Really, it's up to the site, but we assume most sites will want to take the NAT approach: the public IP address might seem useful, but would require a public IP for each job. To allow customization, all the routing is done by a helper script, but provide a default implementation for NAT. The script:
- Takes two arguments, a unique "job identifier" and the name of the network pipe device.
- Is responsible for setting up any routing required for the device.
- Must create an iptables chain using the same name of the "job identifier".
- Each rule in the chain will record the number of bytes matched; at the end of the job, these will be reported in the job ClassAd using an attribute name identical to the comment on the rule.
- On stdout, returns the IP address the internal network pipe should use.
Next, the starter forks a separate process in a new network namespace using the clone() call with the CLONE_NEWNET flag.

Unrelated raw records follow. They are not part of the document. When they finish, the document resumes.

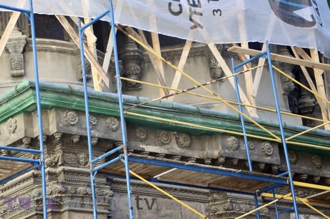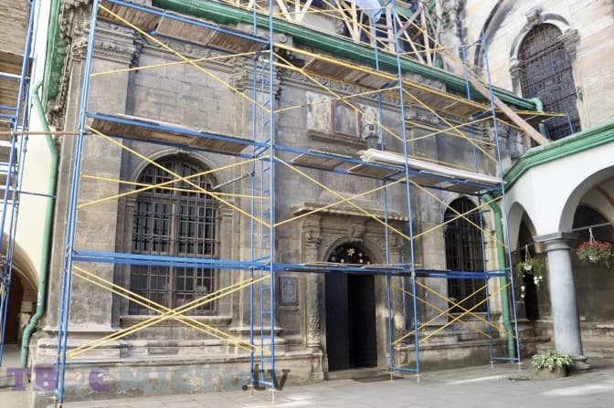 У Львові, біля каплиці Трьох Святителів, що на вулиці Руській, закінчили встановлювати риштування. Там розпочинають реставрувати дах. Скільки триватимуть роботи невідомо. Коштуватиме заміна даху майже 2 мільйони гривень.
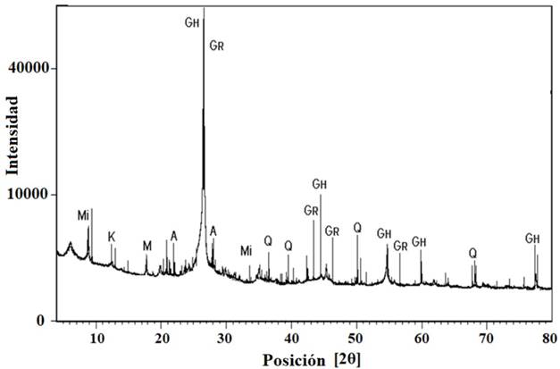 | Figura 2. Difractogramas de rayos -X de GP. Mi: mica; K: caolinita; M: montmorillonita; GH: grafito(2H); GR: grafito (3R); A: anortita; Q: Cuarzo. | ||||
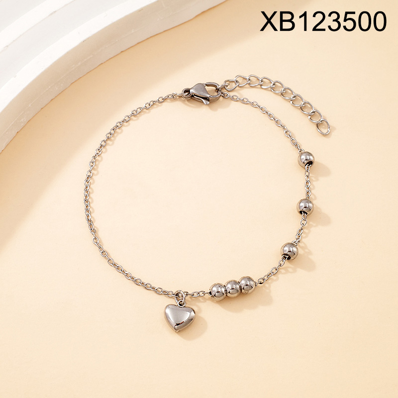 Level B Stainless Steel New Trendy Women Jewelry Heart Steel color Bracelet

Notice that, by default, no network devices are accessible in the new namespace:
Next, the external starter will pass one side of the pipe to the other namespace; the internal stater will do some minimal configuration of the device (default route, IP address, set the device to the "up" status):
Finally, the starter exec's to the job. Whenever the job does any network operations, the bytes are routed via the internal network pipe, come out the external network pipe, and then are NAT'd to the physical network device before exiting the machine.

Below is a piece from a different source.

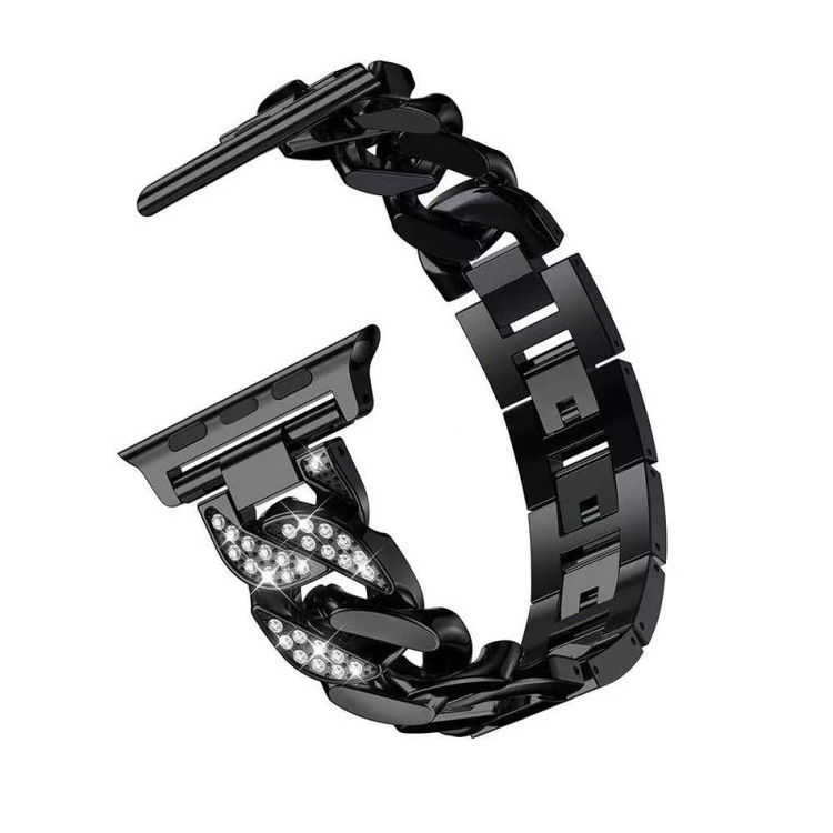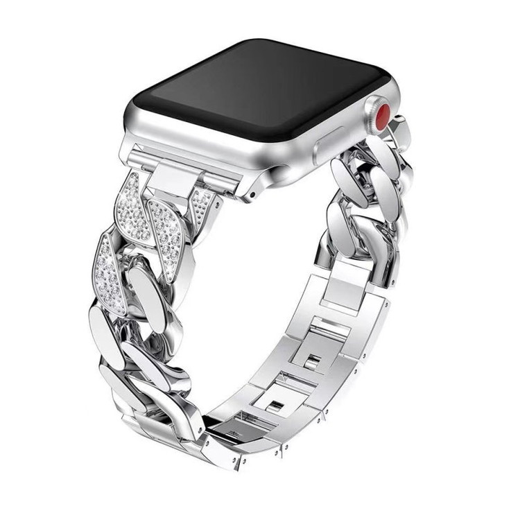 بند اپل واچ کار شده با نگین های ظریف و زیبا در چهار رنگ قابلیت استفاده برای تمامی سری و سایز های مختلف است که زیبایی منحصر به فردی به ساعت شما میبخشد .

As mentioned, the whole point of the exercise is to do network accounting. Since all packets go through one device, Condor can read out all the activity via iptables. The "helper script" above will create a unique chain per job. This allows some level of flexibility; for example, the chain below allows us to distinguish between on-campus and off-campus packets:
Chain JOB_12345 (2 references) pkts bytes target prot opt in out source destination 0 0 ACCEPT all -- veth0 em1 anywhere 22.214.171.124/16 /* OutgoingInternal */ 0 0 ACCEPT all -- veth0 em1 anywhere !126.96.36.199/16 /* OutgoingExternal */ 0 0 ACCEPT all -- em1 veth0 188.8.131.52/16 anywhere state RELATED,ESTABLISHED /* IncomingInternal */ 0 0 ACCEPT all -- em1 veth0 !184.108.40.206/16 anywhere state RELATED,ESTABLISHED /* IncomingExternal */ 0 0 REJECT all -- any any anywhere anywhere reject-with icmp-port-unreachable
Thus, the resulting ClassAd history from this job will have an attribute for NetworkOutgoingInternal, NetworkOutgoingExternal, NetworkIncomingInternal, and NetworkIncomingInternal. We have an updated Condor Gratia probe that looks for Network* attributes and reports them appropriately to the accounting database.
Thus, we have byte-level network, allowing us to answer the age-old question of "how much would a CMS T2 cost on Amazon EC2?". Or perhaps we could answer "how much is a currently running job going to cost me?" Matt has pointed out the network setup callout could be used to implement security zones, isolating (or QoS'ing) jobs of certain users at the network level. There are quite a few possibilities!
We'll definitely be returning to this work mid-2012 when the local T2 is based on SL6, and this patch can be put into production. There will be some further engagement with the Condor team to see if they're interested in taking the patch. The Gratia probe work to manage network information will be interesting upstream too. Finally, I encourage interested readers to take a look at the github branch. The patch itself is a tour-de-force of several dark corners of Linux systems programming (involves using clone, synchronization between processes with pipes, sending messages to the kernel via netlink to configure the routing, and reading out iptables configurations using C). It was very rewarding to implement!